In today's growing market it is very essential to keep track of the interests of the customer and keep them updated on trends and products in the market. In this project we intend to create a shopping portal and have a database that registers the sets of articles that are often bought together using 'APRIORI ALGORITHM'. This information will be used to show ads and offers on the products of your interests. Also to promote new products related to your needs and mainly to suggest and ask about products that are often bought together with the product already present in your shopping cart. The frequently co-occurring group of items is determined by the frequent mining of the model in the databases. Here the main contributing task is to speed up the frequent set of elements by proposing a technique that uses the minimum data available in the shopping cart to predict what other items the customer can choose to buy.

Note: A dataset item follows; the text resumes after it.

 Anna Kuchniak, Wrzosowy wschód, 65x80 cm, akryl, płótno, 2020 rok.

Existing research in association mining has focused mainly on how to accelerate the search for frequently coexisting groups of elements in the type of transaction type transactions; Less attention has been paid to methods that exploit these items of frequent articles for predictive purposes. This work contributes to this latter task by proposing a technique that uses partial information on the contents of a shopping cart to predict what else the customer is likely to buy. Using the recently proposed data structure of itemset trees (IT-trees), we obtain, in a computationally efficient way, all rules whose antecedents contain at least one incomplete cart element. We then combine these rules using uncertainty processing techniques, including classical Bayesian decision theory and a new algorithm based on the Dempster-Shafer (DS) theory of the combination of tests.

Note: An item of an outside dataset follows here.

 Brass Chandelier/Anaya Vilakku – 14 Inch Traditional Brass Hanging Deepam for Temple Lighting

Prediction in the shopping cart uses partial information about the contents of a shopping cart to predict what else the customer is likely to buy. In order to reduce the cost of rules mining, we propose a fast algorithm that generates frequent sets of elements without generating sets of candidate elements. The algorithm uses the Boolean vector with the relational Y operation to discover frequent element sets and generate the association rule. Association rules are used to identify relationships between a set of database elements. Initially Boolean Matrix is generated by transforming the database into boolean values. Frequent element sets are generated from the Boolean array. The association rules are then generated from the generated frequent element sets. The association rules generated form the basis for prediction. The set of incoming items, ie the contents of the incoming shopping cart, will also be represented by a boolean vector and the AND operation will be performed with each transaction vector to generate the association rules. Finally the rules are combined to get the predictions.